Когда дело Златоуста приняло новое направление, он понял все, что было поистине дьявольского в этой ловкости Феофила, который воспользовался даже его собственным желанием оправдаться для отказа в этом оправдании. Тем не менее, он совсем не пал духом. Лишенный права защищаться лично, в силу мнимого закона, против него приведенного, он предоставил защиту членам Собора, к нему расположенным. И мы находим главные пункты этой защиты в «Диалогах» Палладия, историка и биографа святителя Иоанна Златоуста, и, наконец, участника этих событий. Златоуст не менее самого Феофила был сведущ в истории Восточных церквей. Предания Антиохийской церкви, одним из сынов которой был и он сам, доставили ему средства для того, чтобы притупить или сломить оружие, которое патриарх Александрийский отточил против него.
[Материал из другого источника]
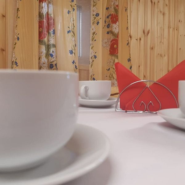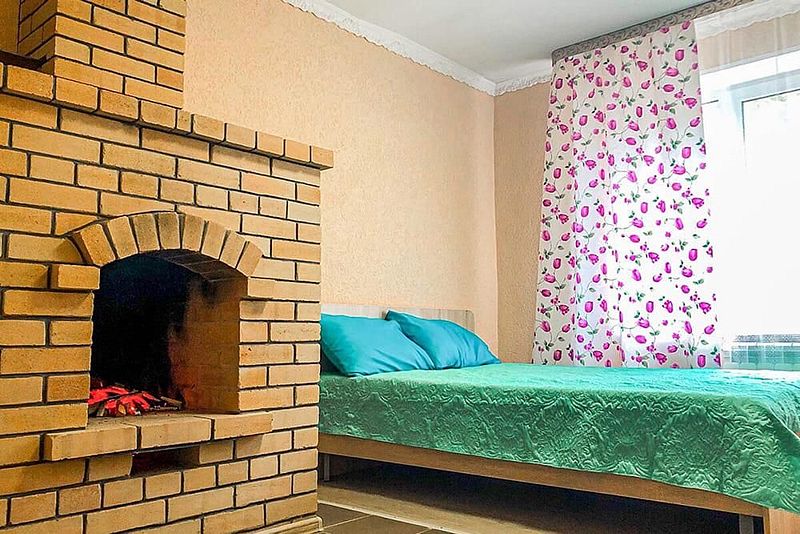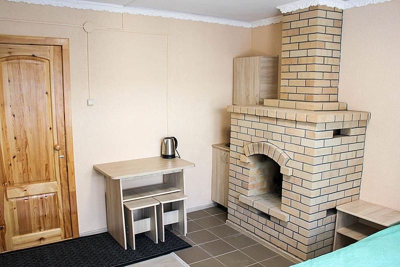 Одна двуспальная кровать, стол, табуреты, кухонный уголок. В номере имеется горячая и холодная вода, основная посуда, (тарелки, ложки, вилки, стаканы) постельное белье, полотенца, ТВ, чайник, микроволновая печь, холодильник), камин.
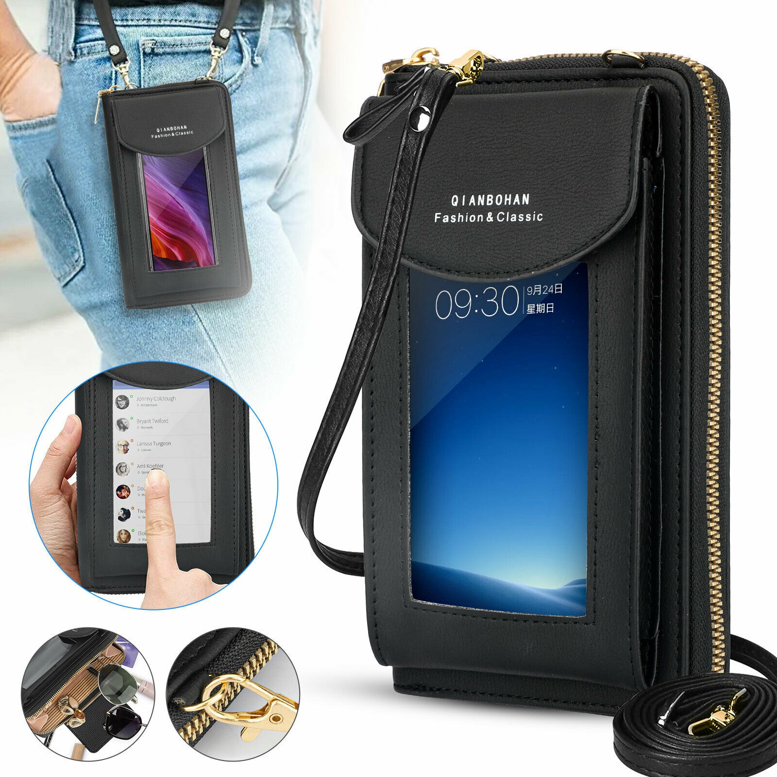 Women Touch Screen RFID Crossbody Cell Phone Bag Wallet Key Pouch Shoulder Purse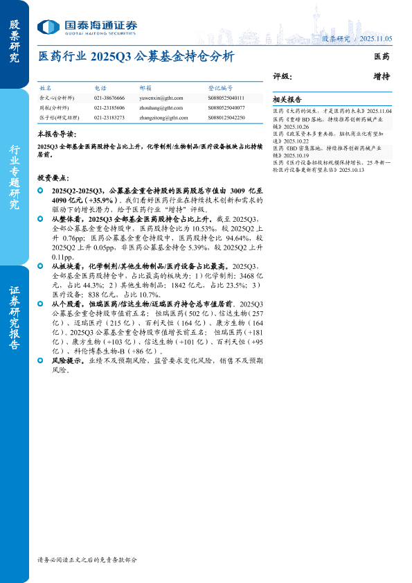 【国泰海通证券】【202511】医药行业2025Q3公募基金持仓分析-8页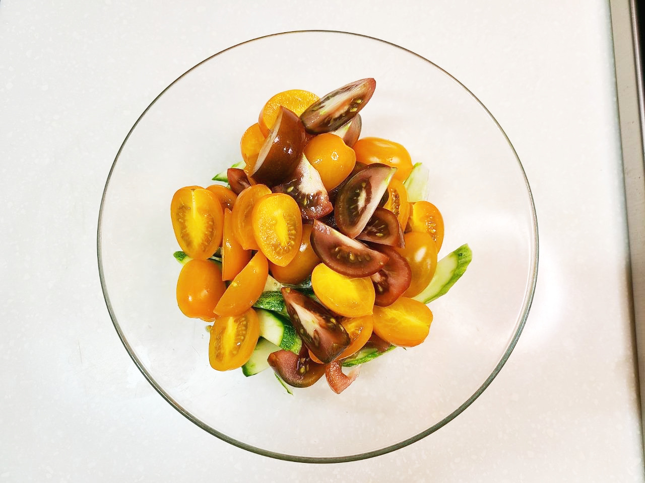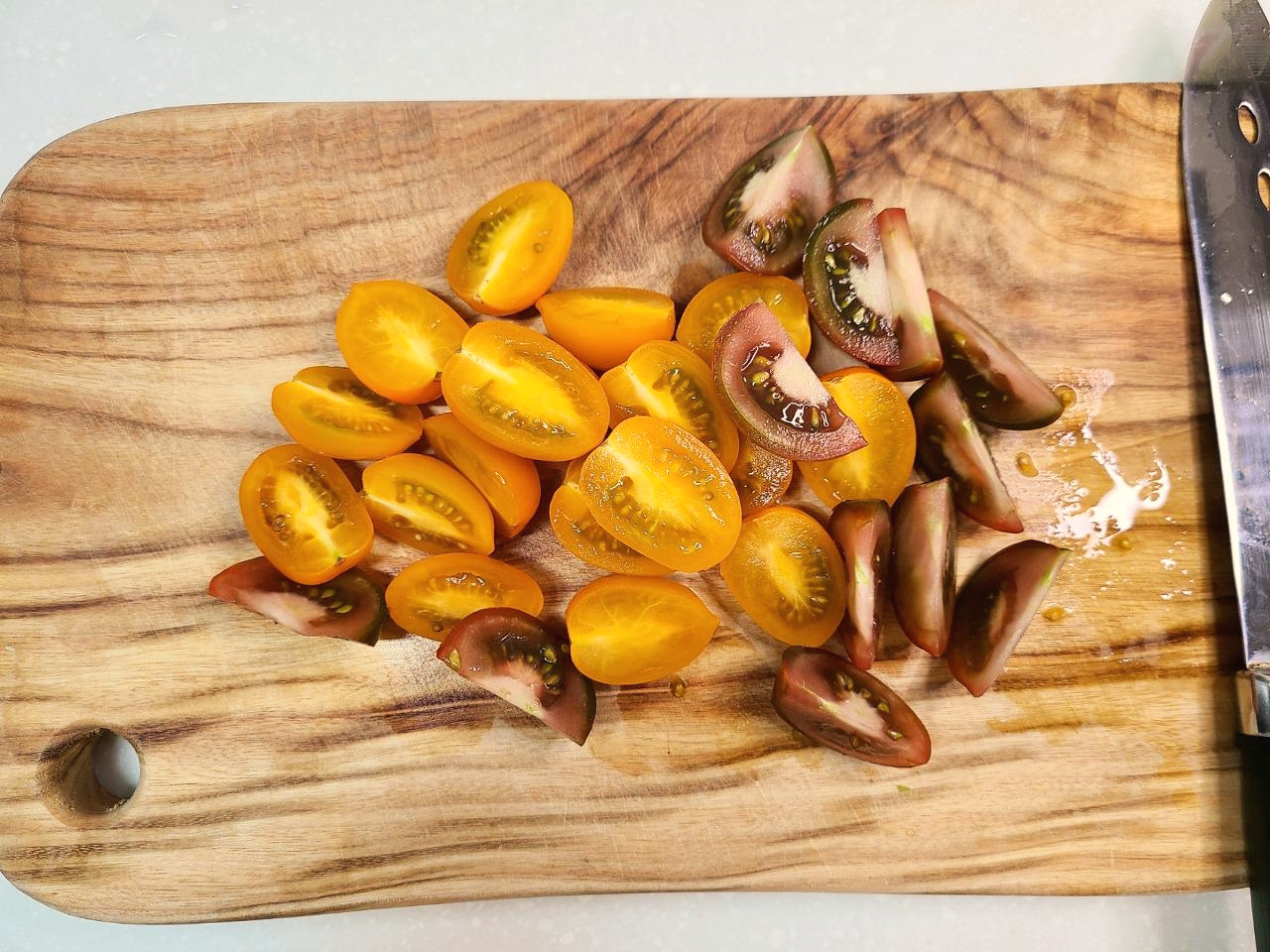 (저는 노란색방울토마토, 미니흑토마토를 사용했어요. 다양한 색의 토마토를 사용하시면 보기에도 예쁘고 영양소도 골고루 섭취할 수 있답니다.)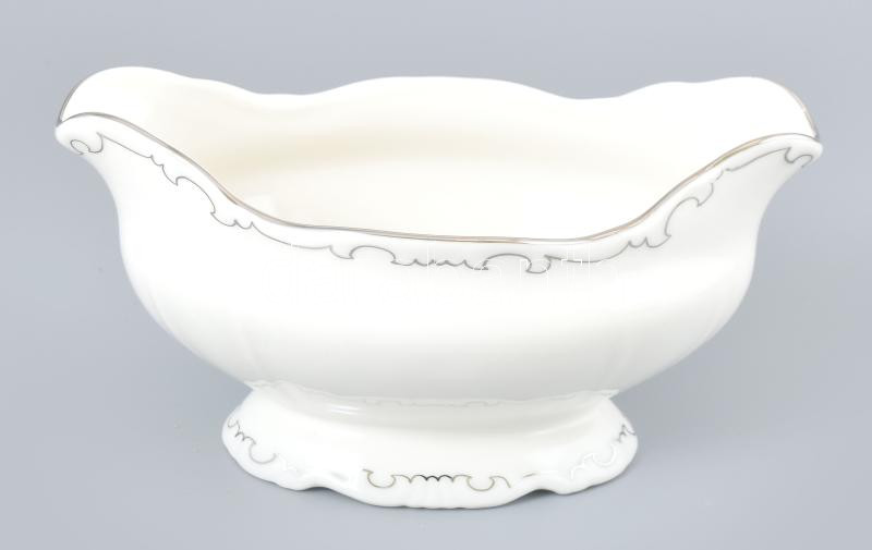 Zsolnay tollazott ezüst szegélyes szószos tál. Kézzel festett, jelzett...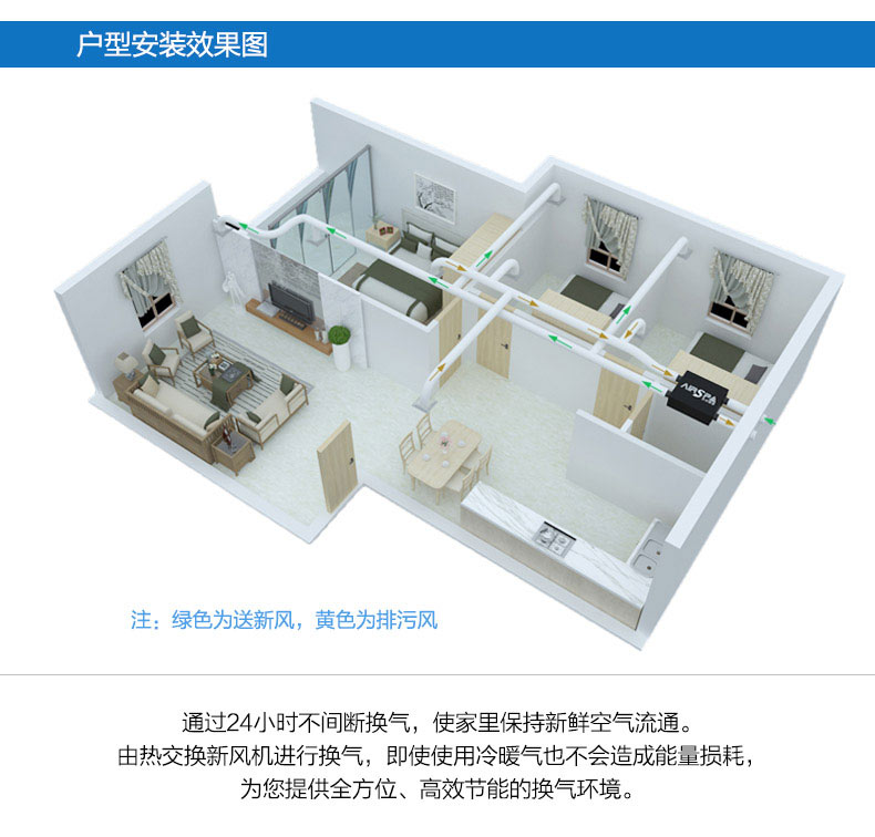 雙向流新風機:訂機采用雙核動力設計,動力強,體積小;采用直流無刷電機,低噪音,低能耗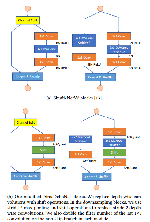 作者对shuffleNetV2网络结构进行了更有利于FPGA部署的微调。有以下三个方面: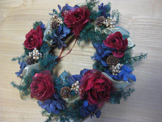 素敵な色合わせですね!こんなリースをお部屋に飾ったら、毎日ウキウキしそうです!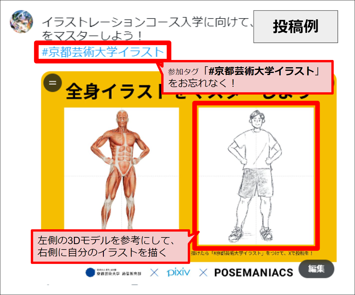 3)描いたイラストを、参加タグ「#京都芸術大学イラスト」をつけて、ご自身のXアカウントで投稿してください。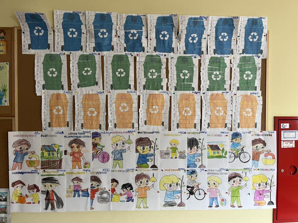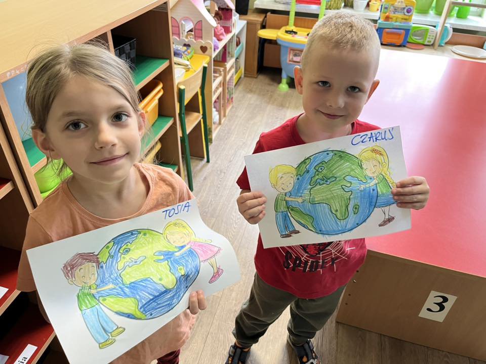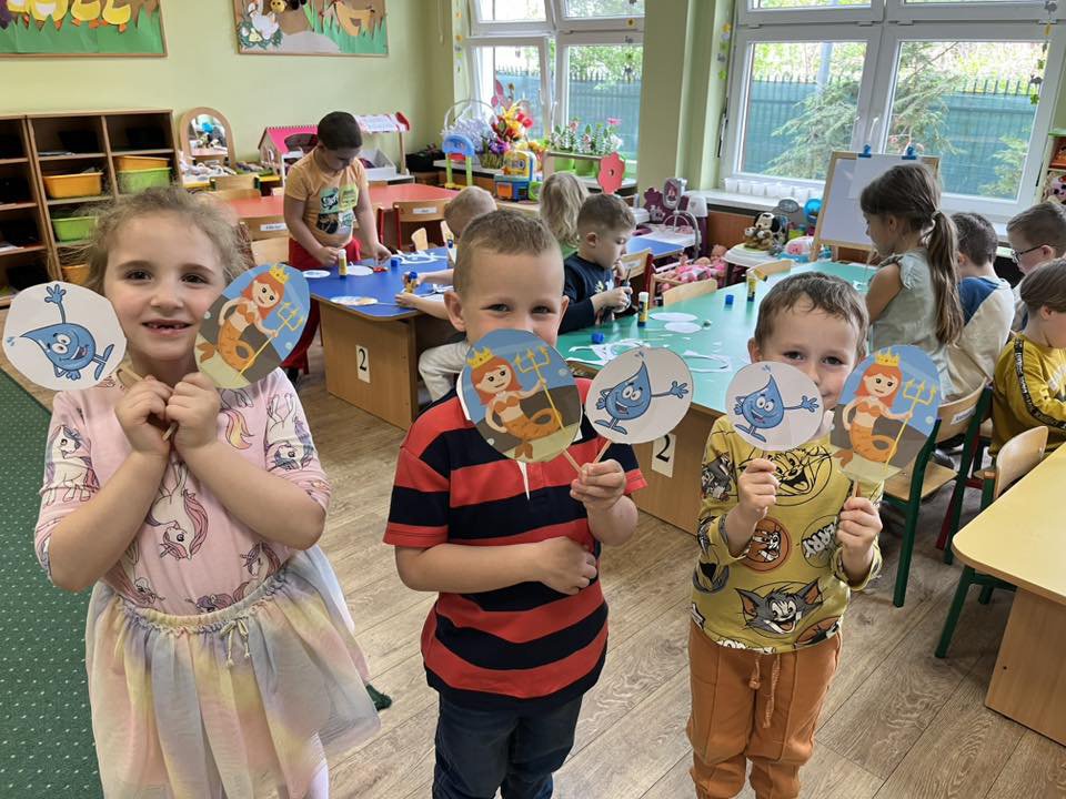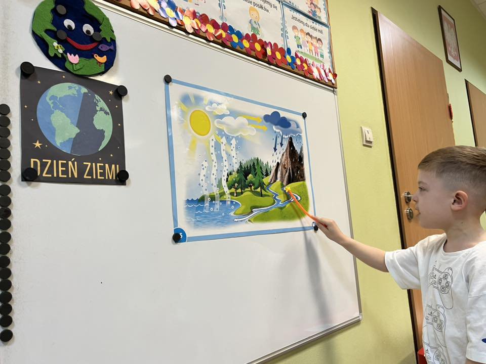 Rozmawialiśmy o przyrodzie, ekologii, dbałości o Ziemię, znaczeniu wody i czystego powietrza, recyklingu, segregowaniu odpadów, krążeniu wody w przyrodzie, sadziliśmy kwiaty w ogrodzie, wykonaliśmy ilustracje tematyczne, sylwety kropli wody oraz puzzle matematyczne.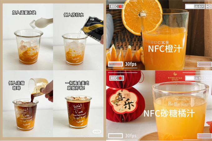 • 「黄金甜感基底」:砂糖橘浆+NFC橙汁1:1复配,甜感自然且成本直降30%,适配「橘气柠檬茶」「橘香气泡水」等轻量化饮品,女性消费者复购率提升35%。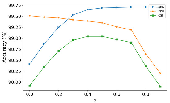 In this work, the performance of the proposed method was influenced by the amplitude and kurtosis thresholds; that is, the superparameter in Equations (7) and (8) had a large effect on experimental results. The is a superparameter which represents the weight of R-peaks amplitude or kurtosis. In Figure 8, we plot the R-peak detection performance of the proposed method with different values. In Equations (7) and (8), larger means lower thresholds and more FP, which results in lower PPV. On the contrary, smaller means higher thresholds and can lead to more FN and lower SEN. From 8, we can see that achieved the best CSI; meanwhile, better SEN and PPV were obtained.
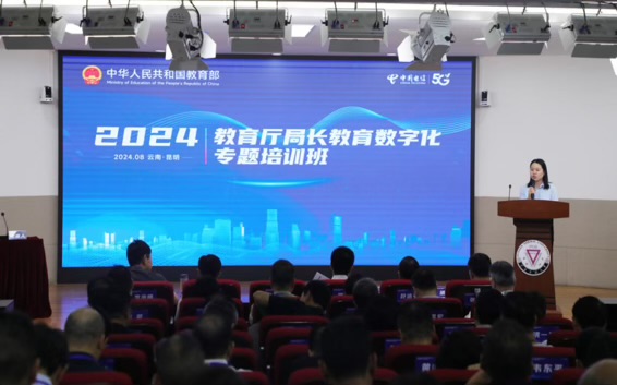 8月6日上午,由教育部科学技术与信息化司主办的“2024年教育厅局长教育数字化专题培训班(第2期)”在我校一二一联大校区举行开班仪式。教育部科学技术与信息化司教育信息化与网络安全处处长任昌山作开班动员并作首场专题授课,云南省教育厅副厅长李光洪,中国电信政企信息服务事业群副总经理潘湘,365英国上市官网校长胡金明,中国电信股份有限公司云南分公司党委委员、副总经理胡平,来自全国31个省份和新疆生产建设兵团的120余名教育系统领导干部参加开班仪式。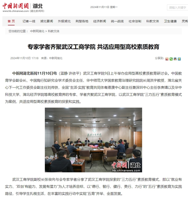 中新网湖北新闻11月10日电(蓝静 许依平)武汉工商学院9日上午举办应用型高校素质教育研讨会。中国教育学会副会长、中国陶行知研究会学术委员会主任、华中师范大学国家教育治理研究院院长周洪宇教授,湖北省关心下一代工作委员会副主任刘传铁,全国“生活·实践”教育共同体粤港澳中心副主任兼深圳中心主任李庚靖以及华中科技大学、湖北经济学院等高校教育界的专家、学者齐聚武汉工商学院,以武汉工商学院“三力五行”素质教育模式为案例,共话应用型高校素质教育的探索和实践。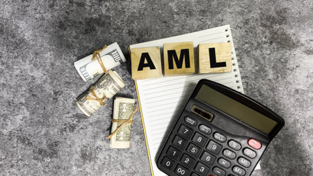 Wooden blocks AML. Anti Money Laundering concept. Financial monitoring, Identification of suspicious transactions. Business and finance. Fight against criminal money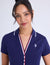 Modern Plunge Neckline: Features a button-less deep-V opening with a classic polo collar, providing a contemporary twist on traditional sport styling.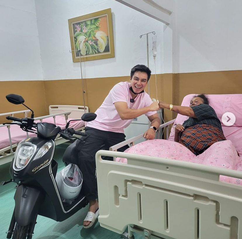 Baim Wong memberikan hadiah berupa motor matik baru untuk ibu Ramadoni, seorang korban begal di Medan. Sebab, motor milik ibu Ramadoni dirampas begal.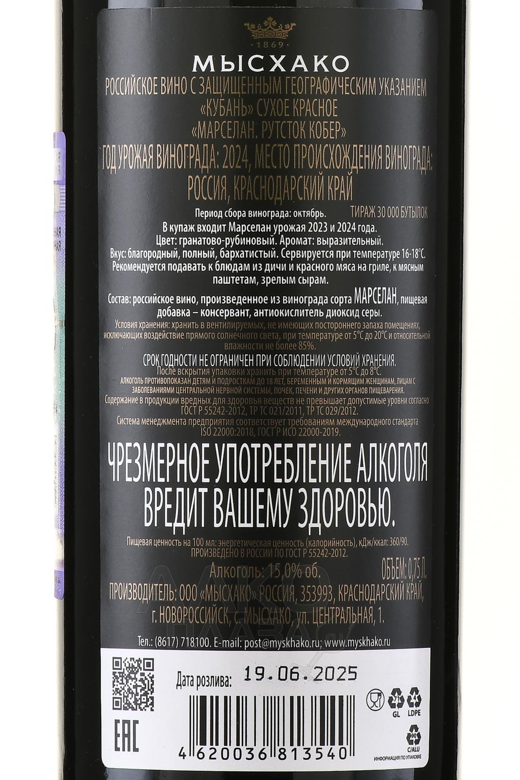 Красное сухое вино Мысхако Рутсток Кобер Марселан 0,75 л — это пример научного подхода к виноделию и уважения к терруару Черноморского побережья. Редкий для Краснодарского края сорт Марселан был выращен на склонах у села Мысхако, в особом терруаре, где мягкий морской климат и известковые почвы создают идеальные условия для созревания винограда. Лозы привиты на подвой Kober, который формирует мощную корневую систему и помогает раскрыть глубину вкуса. Урожай собирается вручную в октябре. Для 40% сусла используется технология самотека (ягоды давятся под собственным весом, сок вытекает медленно), что усиливает ароматический профиль. 60% вина выдерживали больше года в бочках из американского дуба, что придало вкусу благородные ноты ванили и специй. Вино получило золото «Продэкспо-2025». Оно будет храниться и развиваться в бутылке на протяжении 10 лет.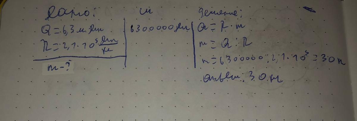 Відомо, що на плавлення шматка міді при температурі плавлення витрачено 6,3 МДж енергії. Яка його маса?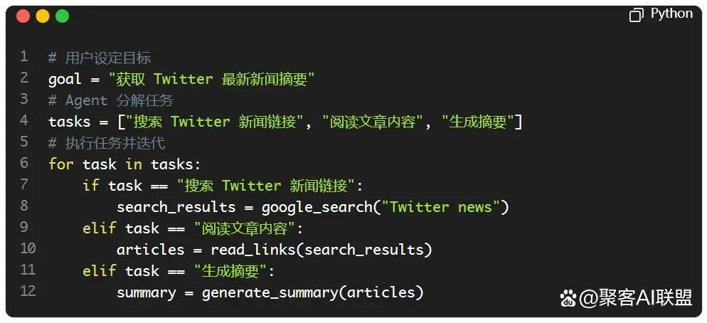注:实际代码需结合 API 调用(如 OpenAI、Google 搜索)和工具链。
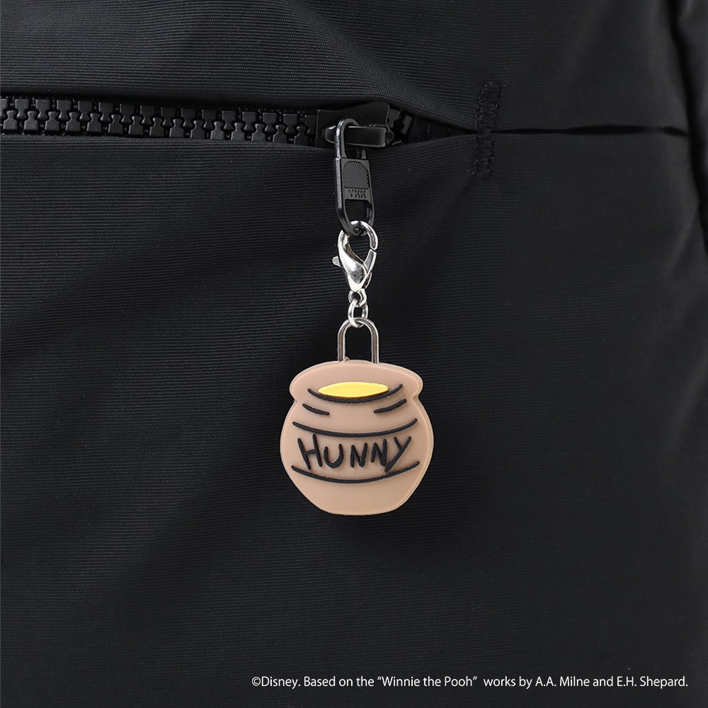 さらに、ファスナーには「プーさん」の象徴とも言える、コロンと丸いシルエットが可愛いハニーポットのシリコンチャームが付いています。

План его защиты состоял, во-первых, в указании недействительности постановлений Антиохийского собора, которые не были правилами Вселенской Церкви, во-вторых – в доказательстве того, что, каково бы достоинство их ни было, они не могут быть приложены ни к одному обвинению по его делу.

Прежде всего, Златоуст доказывал историческими фактами, что эти постановления были арианскими: они- возникли в собрании, вызванном и руководимом вождями ариан. Само собрание совещалось в присутствии Императора, арианина, наконец, оно имело целью не только низвести с престола, но и подвергнуть смерти святителя Афанасия, великого учителя Церкви. Если бы и эти доказательства арианства были недостаточными для характеристики Антиохийского собора, можно было бы еще прибавить, что попытка этого Собора формулировать свое вероучение в символе привела только к выражениям Православия, более нежели сомнительным, наполненным приемами и увертками арианскими, которые и отброшены Православной Церковью. И эти-то постановленья еретического собранья, вызванные ненавистью против святителя Афанасия, Православный Собор теперь собирается привести против православного епископа в деле, совсем и не касающемся догматов! После этого не имеет ли права Златоуст протестовать против такого странного, возмутительного, несправедливого поступка?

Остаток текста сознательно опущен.